As part of an audit in accordance with SAs, we exercise professional judgment and maintain professional skepticism throughout the audit. We also:

• Identify and assess the risks of material misstatement of the financial statements, whether due to fraud or error, design and perform audit procedures responsive to those risks, and obtain audit evidence that is sufficient and appropriate to provide a basis for our opinion. The risk of not detecting a material misstatement resulting from fraud is higher than for one resulting from error, as fraud may involve collusion, forgery, intentional omissions, misrepresentations, or the override of internal control.

• Obtain an understanding of internal control relevant to the audit in order to design audit procedures that are appropriate in the circumstances. Under section 143(3)(i) of the Companies Act, 2013, we are also responsible for expressing our opinion on whether the company has adequate internal financial controls system with reference to the financial statements in place and the operating effectiveness of such controls.

• Evaluate the appropriateness of accounting policies used and the reasonableness of accounting estimates and related disclosures made by management.

• Conclude on the appropriateness of managements use of the going concern basis of accounting and, based on the audit evidence obtained, whether a material uncertainty exists related to events or conditions that may cast significant doubt on the Companys ability to continue as a going concern. If we conclude that a material uncertainty exists, we are required to draw attention in our auditors report to the related disclosures in the financial statements or, if such disclosures are inadequate, to modify our opinion. Our conclusions are based on the audit evidence obtained up to the date of our auditors report. However, future events or conditions may cause the Company to cease to continue as a going concern.

• Evaluate the overall presentation, structure and content of the financial statements, including the disclosures, and whether the financial statements represent the underlying transactions and events in a manner that achieves fair presentation.

We communicate with those charged with governance regarding, among other matters, the planned scope and timing of the audit and significant audit findings, including any significant deficiencies in internal control that we identify during our audit.

We also provide those charged with governance with a statement that we have complied with relevant ethical requirements regarding independence, and to communicate with them all relationships and other matters that may reasonably be thought to bear on our independence, and where applicable, related safeguards.

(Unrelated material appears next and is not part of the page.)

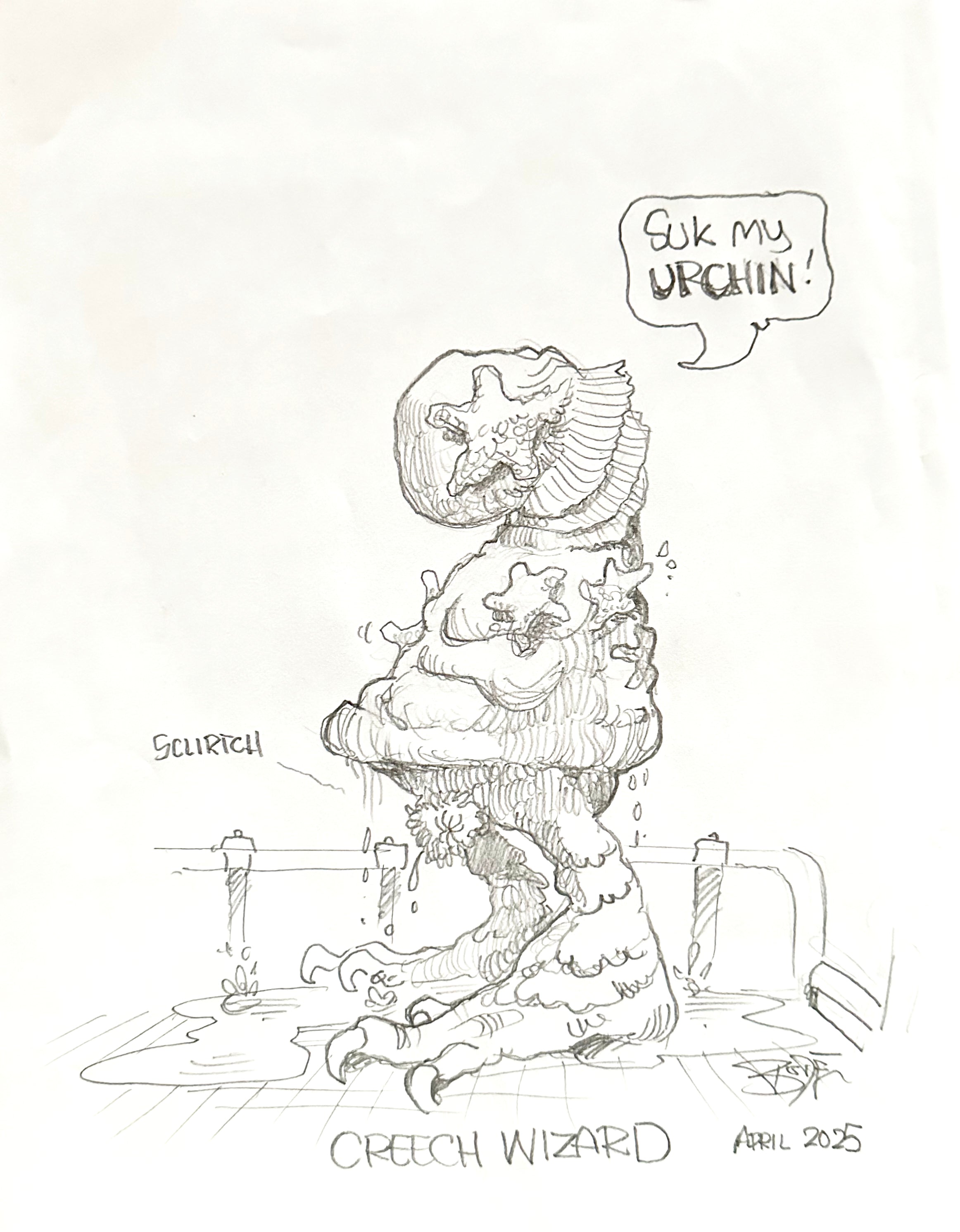 Mark Bode- Titled "Cheech Wizard" Graphite on paper, Measures 11" x 8.5" Inches. Original Cheech Wizard Drawing.Signed and dated by Mark Bode from 2025.

Report on Other Legal and Regulatory Requirements

1. As required by the Companies (Auditors Report) Order, 2020 ("the Order") issued by the Central Government of India in terms of sub-section (11) of section143 of the Act, and on the basis of such checks of the books and records of the Company as we considered appropriate and according to the information and explanations given to us, we give in the "Annexure A" a statement on the matters specified in paragraphs 3 and 4 of the Order.

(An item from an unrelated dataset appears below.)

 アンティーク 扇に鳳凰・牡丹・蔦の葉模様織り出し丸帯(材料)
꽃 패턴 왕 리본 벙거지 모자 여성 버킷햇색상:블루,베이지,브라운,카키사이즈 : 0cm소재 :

2. As required by section 143(3) of the Act, we report that:

a. We have sought and obtained all the information and explanations which to the best of our knowledge and belief were necessary for the purpose of our audit.

b. In our opinion, proper books of account as required by law have been kept by the Company so far as it appears from our examination of those books.

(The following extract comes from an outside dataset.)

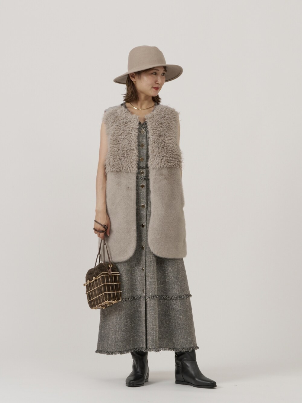 トレンドのニットジレをワンピースにレイヤード。 グレートーンでスタイリッシュな印象にしています。 ネックレスやワンピースのボタン、バッグにゴールドをあしらって華やかさをプラス。 秋のお出かけにおすすめです。 【フェイクファーコンビニットジレ】 高級感のあるフェイクファーを組み合わせたニットジレ。 羽織るだけで一気にトレンド感あふれるコーデに。 【ノンウールツイードフリンジフレアワンピース】 着るだけでコーデがオシャレ見えするワンピース。 インナーを楽しむだけでなく、今回のようにジレを合わせたスタイリングもおすすめ。 *サンプルのため実際より丈が長いものを着用しています。 サイズ詳細は商品ページをご覧ください。

c. The Balance Sheet and the Statement of Profit and Loss (including other comprehensive income), the Statement of Changes in Equity and the Cash Flow Statement dealt with by this Report are in agreement with the books of account.

d. In our opinion, the aforesaid financial statements comply with the Accounting Standards specified under section 133 of the Act, read with Rule 7 of the Companies (Accounts) Rules, 2014;

e. On the basis of written representations received from the directors as on 31st March, 2023taken on record by the Board of Directors, none of the directors is disqualified as on 31st March, 2023from being appointed as a director in terms of section 164(2) of the Act.

f. With respect to the adequacy of the internal financial controls over financial reporting of the Company and the operating effectiveness of such controls, refer to our separate Report in "Annexure B". Our report expresses an unmodified opinion on the adequacy and operating effectiveness of the Companys internal financial controls over financial reporting.

g. With respect to the other matters to be included in the Auditors Report in accordance with Rule 11 of the Companies (Audit and Auditors) Rules, 2014, in our opinion and to the best of our information and according to the explanations given to us:

i. The Company has disclosed the impact of pending litigations on its financial position in its Ind AS financial statements (refer note no.26 to the Ind AS financial statements).

ii. The Company does not have any long-term contracts including derivative contracts for which there were any material foreseeable losses.

iii. There has been no delay in transferring amounts, required to be transferred, to the Investor Education and Protection Fund by the Company.

iv. (a) On the basis of written representation from management, other than other than as disclosed in the notes to the accounts, no funds have been advanced or loaned or invested (either from borrowed funds or share premium or any other sources or kind of funds) by the company to or in any other person(s) or entity(ies), including foreign entities ("Intermediaries"), with the understanding, whether recorded in writing or otherwise, that the Intermediary shall, whether, directly or indirectly lend or invest in other persons or entities identified in any manner whatsoever by or on behalf of the company ("Ultimate Beneficiaries") or provide any guarantee, security or the like on behalf of the Ultimate Beneficiaries.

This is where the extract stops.